I am using R because that is the only statistical modeling tool provided at my current client site. I also use Tableau as a data understanding and visualization tool. I use Hadoop Hive to retrieve HDFS log files and move into Oracle to add dimensions. But data scientists should not be constrainted to a specific tool. For example, preliminary data understanding may require me to write a Splunk query to look at what is in the machine log, or run a Pig script to get machine data population statistics.
Q: What surprises you most about Data science as you apply it in business?
Yan: It is never about how to build the most accurate model, in contrast to many scientific challenges. For example, KDD Cup (the first and most popular data mining challenge) winner models are typically ensemble models, which means they are highly accurate but don't explain very much. In business, the modeling result should provide useful insights while balancing various priorities: be accurate enough, have enough stability, and be cheap to deploy, to name only a few considerations.
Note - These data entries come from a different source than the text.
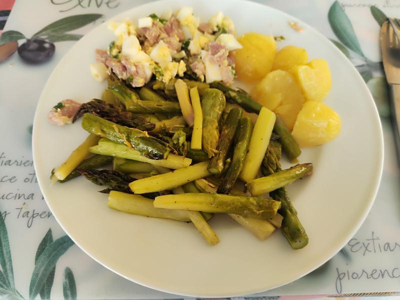 Gartenspargel im Ofen geschmort (Olivenöl, S+P, Zitronenzesten), Salzkartoffeln und Dip aus gehackten Eiern, feingewiegtem Oldenburger Schinken, Zwiebelröhrchen, etwas Essig und Öl.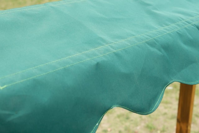 - Wetterfeste Markise aus strapazierfähigem Stoff schützt Kleidung und Schuhe vor Sonne und Regen.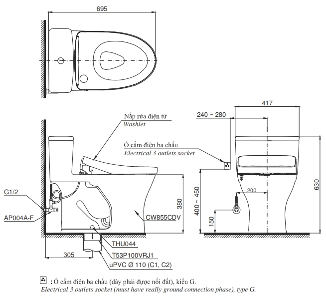 Với thiết kế liền khối chắc chắn và tâm xả tiêu chuẩn 305mm, MS855CDW23 phù hợp với hầu hết hệ thống ống thoát sàn hiện nay. Sản phẩm hoạt động ổn định trong dải áp lực nước rộng, dễ lắp đặt và bảo trì. Nguồn điện sử dụng cho Washlet là 220V – phù hợp với tiêu chuẩn Việt Nam.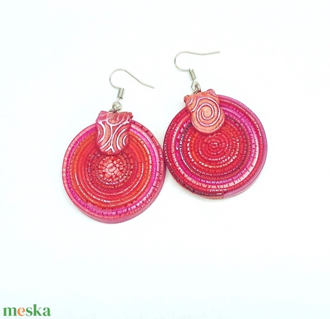 Rusztikus pink-piros fülbevaló1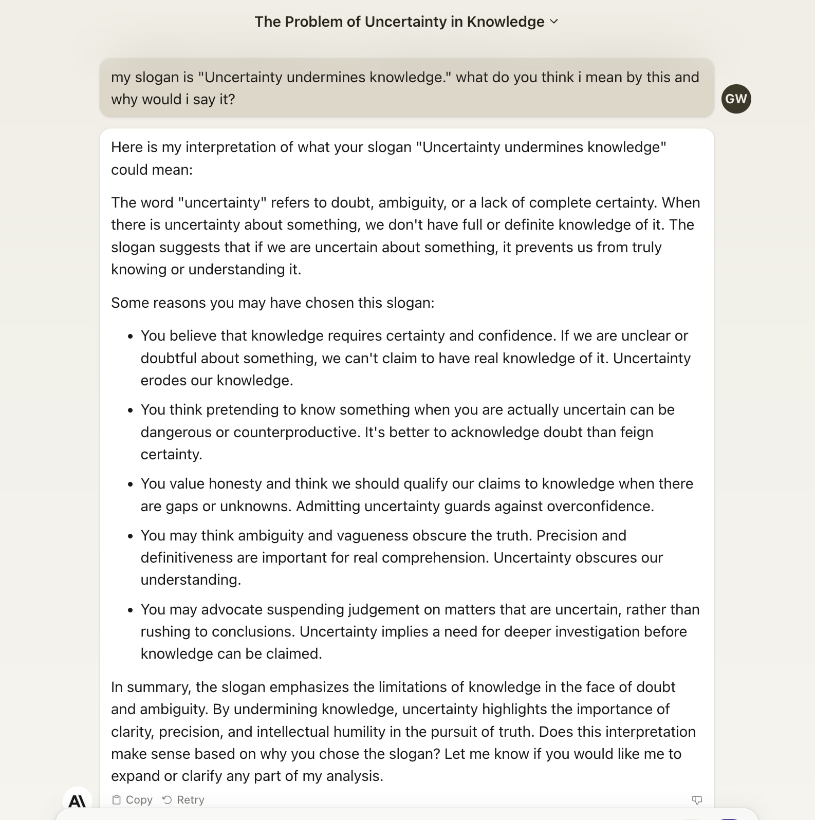 Honestly, "uncertainty undermines knowledge" might be better than anything I've ever come up with. Thanks, Claude!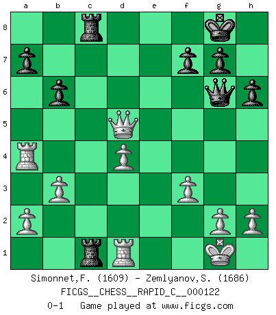 Last move : 0-1 2015 February 3 13:36:32 [Event "FICGS__CHESS__RAPID_C__000122"] [Site "FICGS"] [Date "2015.01.23"] [Round "1"] [White "Simonnet,Franck"] [Black "Zemlyanov,Sergey"] [Result "0-1"] [WhiteElo "1609"] [BlackElo "1686"] 1.d4 Nf6 2.Nf3 e6 3.e3 b6 4.Bd3 d5 5.Nbd2 c5 6.b3 Bb7 7.Bb2 Bd6 8.Ne5 O-O 9.O-O Nc6 10.Nxc6 Bxc6 11.c4 cxd4 12.exd4 Rc8 13.Rc1 Bb7 14.Re1 Qe7 15.Qe2 Ba3 16.Nf1 Rfd8 17.Ne3 Rc7 18.Bxa3 Qxa3 19.Red1 h6 20.f3 dxc4 21.Rxc4 Qd6 22.Ra4 Nd5 23.Nxd5 Bxd5 24.Be4 Rdc8 25.Bxd5 exd5 26.Qe5 Qg6 27.Qxd5 Rc1 0-1 Queen's pawn : Yusupov-Rubinstein system Kingside Castling by player Black (move 8) Kingside Castling by player White (move 9) Player Black won this chess game. Follow this game move after move (download)You sit at the board and suddenly your heart leaps. Your hand trembles to pick up the piece and move it. But what Chess teaches you is that you must sit there calmly and think about whether it's really a good idea and whether there are other better ideas. (Stanley Kubrick) Schach ist ein schwarz-weisser Dschungel. (Garry Kasparov) El ganador de una partida es aquel jugador que hace el penúltimo error. (Savielly Tartakover) Ce n'est pas pour s'amuser qu'il joue aux échecs : il célèbre un culte. (Vladimir Nabokov) How many people work in NATO Headquarters ? - About half of them. (Dirk Stikker, NATO general secretary)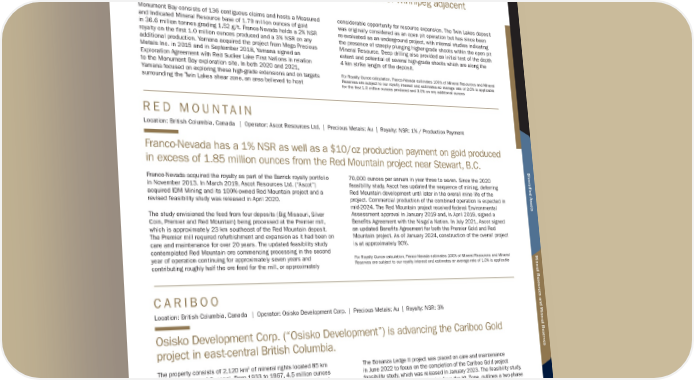 M O N U M E N T B A Y Location: Manitoba, Canada | Operator: Agnico Eagle Mines Limited | Precious Metals: Au | Royalty: NSR: 2-3% In January 2023, Agnico Eagle acquired the Monument Bay project as part the acquisition of Yamana’s Canadian assets. The Monument Bay project, is located in Manitoba, approximately 570 km northeast of Winnipeg adjacent to the Ontario border. Monument Bay consists of 136 contiguous claims and hosts a Measured and Indicated Mineral Resource base of 1.79 million ounces of gold in 36.6 million tonnes grading 1.52 g/t. Franco-Nevada holds a 2% NSR royalty on the first 1.0 million ounces produced and a 3% NSR on any additional production. Yamana acquired the project from Mega Precious Metals Inc. in 2015 and in September 2018, Yamana signed an Exploration Agreement with Red Sucker Lake First Nations in relation to the Monument Bay exploration site. In both 2020 and 2021, Yamana focused on exploring these high-grade extensions and on targets surrounding the Twin Lakes shear zone, an area believed to host considerable opportunity for resource expansion. The Twin Lakes deposit was originally considered as an open pit operation but has since been re-evaluated as an underground project, with internal studies indicating the presence of steeply plunging higher-grade shoots within the open pit Mineral Resource. Deep drilling also provided an initial test of the depth extent and potential of several high-grade shoots which are along the 4 km strike length of the deposit. For Royalty Ounce calculation, Franco-Nevada estimates 100% of Mineral Resources and Mineral Reserves are subject to our royalty interest and estimates an average rate of 2.0% is applicable for the first 1.0 million ounces produced and 3.0% on any additional ounces C A R I B O O Location: British Columbia, Canada | Operator: Osisko Development Corp. | Precious Metals: Au | Royalty: NSR: 3% Osisko Development Corp. (“Osisko Development”) is advancing the Cariboo Gold project in east-central British Columbia. The property consists of 2,120 km 2 of mineral rights located 85 km east of the town of Quesnel. From 1933 to 1967, 4.5 million ounces of gold were mined in the area from both historical underground and alluvial production. Osisko Development started mining the Bonanza Ledge II project, located within the Cariboo Gold project, in Q1 2021. The Bonanza Ledge II Mineral Resource includes the BC Vein, Bonanza Ledge, and KL Zone deposits. Franco-Nevada’s 3% NSR covers the claims to the immediate northeast of Bonanza Ledge, referred to as the KL Zone. Franco-Nevada’s 3% royalty interest also includes the Williams Claims which are about 5 km southeast of Bonanza Ledge. The Bonanza Ledge II project was placed on care and maintenance in June 2022 to focus on the completion of the Cariboo Gold project feasibility study, which was released in January 2023. The feasibility study, which does not envision production from the KL Zone, outlines a two-phase ramp up, with first production in 2025. Phase 1 is 1,500 tpd at approximately 73,000 ounces per year for the first three years and Phase 2 is 4,900 tpd with underground development and production to increase to approximately 194,000 ounces per year starting in 2028. The broader project has an initial 12-year mine life and there is potential to convert additional Inferred Resources located adjacent to reserve blocks, with mineralization open at depth and along strike. Franco-Nevada has not included Cariboo in Royalty Ounce estimates R E D M O U N T A I N Location: British Columbia, Canada | Operator: Ascot Resources Ltd. | Precious Metals: Au | Royalty: NSR: 1% / Production Payment Franco-Nevada has a 1% NSR as well as a $10/oz production payment on gold produced in excess of 1.85 million ounces from the Red Mountain project near Stewart, B.C. Franco-Nevada acquired the royalty as part of the Barrick royalty portfolio in November 2013. In March 2019, Ascot Resources Ltd. (“Ascot”) acquired IDM Mining and its 100%-owned Red Mountain project and a revised feasibility study was released in April 2020. The study envisioned the feed from four deposits (Big Missouri, Silver Coin, Premier and Red Mountain) being processed at the Premier mill, which is approximately 23 km southeast of the Red Mountain deposit. The Premier mill required refurbishment and expansion as it had been on care and maintenance for over 20 years. The updated feasibility study contemplated Red Mountain ore commencing processing in the second year of operation continuing for approximately seven years and contributing roughly half the ore feed for the mill, or approximately 70,000 ounces per annum in year three to seven. Since the 2020 feasibility study, Ascot has updated the sequence of mining, deferring Red Mountain development until later in the overall mine life of the project. Commercial production of the combined operation is expected in mid-2024. The Red Mountain project received federal Environmental Assessment approval in January 2019 and, in April 2019, signed a Benefits Agreement with the Nisga’a Nation. In July 2021, Ascot signed an updated Benefits Agreement for both the Premier Gold and Red Mountain project. As of January 2024, construction of the overall project is at approximately 90%. For Royalty Ounce calculation, Franco-Nevada estimates 100% of Mineral Resources and Mineral Reserves are subject to our royalty interest and estimates an average rate of 1.0% is applicable Franco-Nevada Corporation ★ 71 TSX / NYSE: FNV Canada

Q: What advice do you have to someone entering the field?
Yan: Have a solid understanding of data mining and analytics methodologies and processes. Data science requires a formalized approach. Do not jump right away into statistical modeling. Make sure you have a solid business understanding; go through all necessary data analysis and preparation steps. Also remember that data science is an iterative process, you may build the model, see the initial results, and then tear it apart and start from the beginning again.